0

I am doing some data science problems for practice, and this is the question I'm currently tackling:

Given a list of L values generated independently by some unknown process, we will use the mean of L to predict unseen values generated by the same process. Use leave-one-out cross-validation to estimate the mean absolute error (MAE) of this process.

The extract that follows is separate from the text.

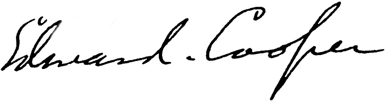 The Signature of Joshua Edward Cooper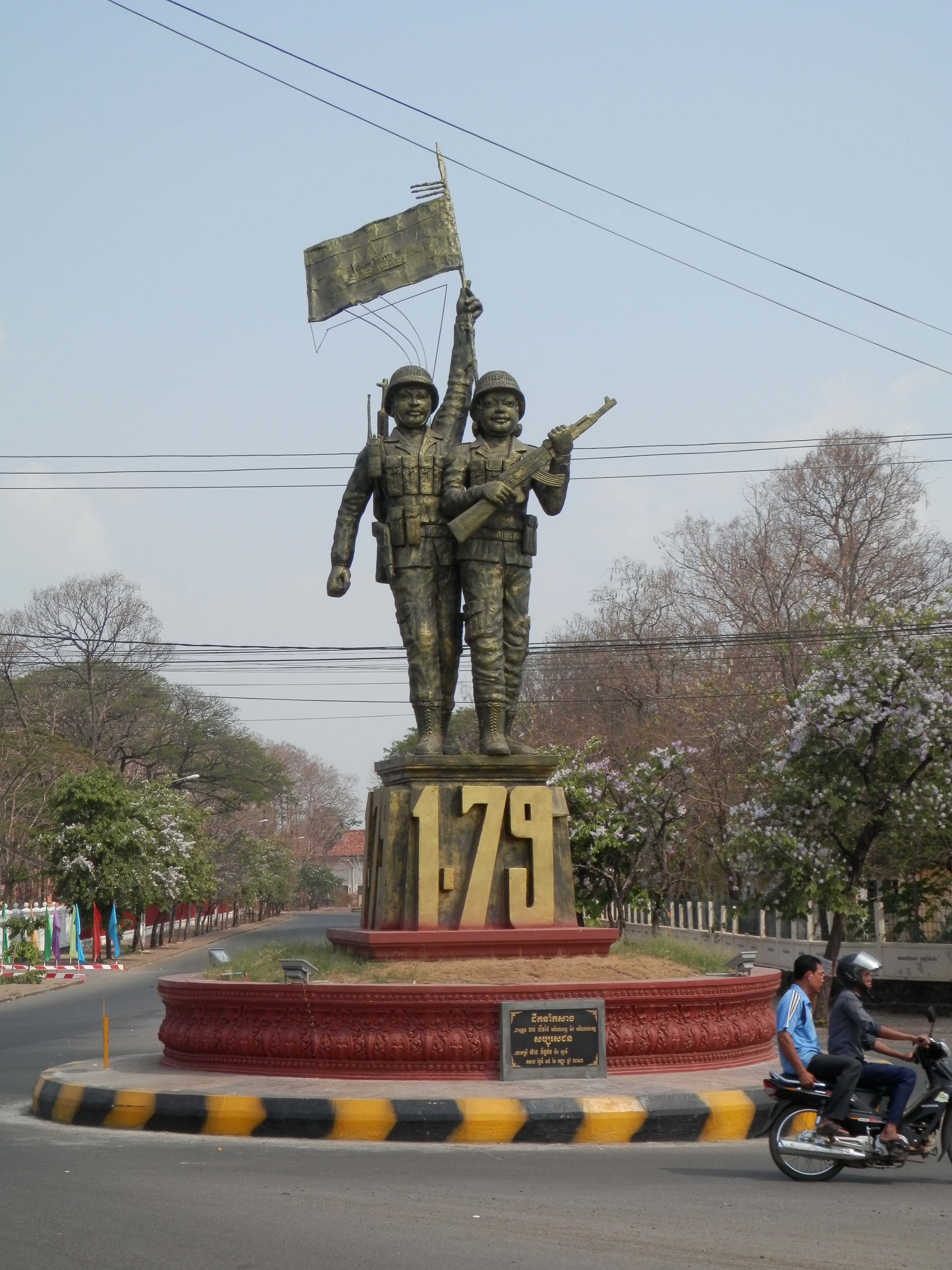 Roundabout Statue Celebrating the Overthrow of the Khmer Rouge by Vietnam

  • Input: An array of floats arr
  • Output: A float score

Example:

  • arr = [1,2,3],
  • score = 1.0

Now, usually, the input variables (X) and target variable (y) have the same number of rows. But in this case, since it says "we will use the mean of L to predict unseen values", what does y look like? Because in the given example, X has just one column, so if we take the mean of X, we will get a scalar value, which gives error when trying to do cross-validation:

from sklearn.model_selection import LeaveOneOut, cross_val_score
from sklearn.linear_model import LinearRegression
import numpy as np

input list of values

x = [[2, 5, 4, 3, 4, 6, 7, 5, 8, 9]]

define the output as the mean of the inputs, as specified in the question

y = [np.mean(x)]

build multiple linear regression model

model = LinearRegression()

define cross-validation method to use

cv = LeaveOneOut()

use LOOCV to evaluate model

scores = cross_val_score(model, x, y, scoring='neg_mean_absolute_error', cv=cv, n_jobs=-1)

view mean absolute error

np.mean(np.absolute(scores))

>>>

Empty Traceback (most recent call last) File ~/miniforge3/lib/python3.10/site-packages/joblib/parallel.py:862, in Parallel.dispatch_one_batch(self, iterator) 861 try: --> 862 tasks = self._ready_batches.get(block=False) 863 except queue.Empty: 864 # slice the iterator n_jobs * batchsize items at a time. If the 865 # slice returns less than that, then the current batchsize puts (...) 868 # accordingly to distribute evenly the last items between all 869 # workers.

File ~/miniforge3/lib/python3.10/queue.py:168, in Queue.get(self, block, timeout) 167 if not self._qsize(): --> 168 raise Empty 169 elif timeout is None:

Empty:

During handling of the above exception, another exception occurred:

ValueError Traceback (most recent call last) Input In [70], in <cell line: 18>() 15 cv = LeaveOneOut() 17 # use LOOCV to evaluate model ---> 18 scores = cross_val_score(model, x, y, scoring='neg_mean_absolute_error', cv=cv, n_jobs=-1) 20 # view mean absolute error 21 np.mean(np.absolute(scores))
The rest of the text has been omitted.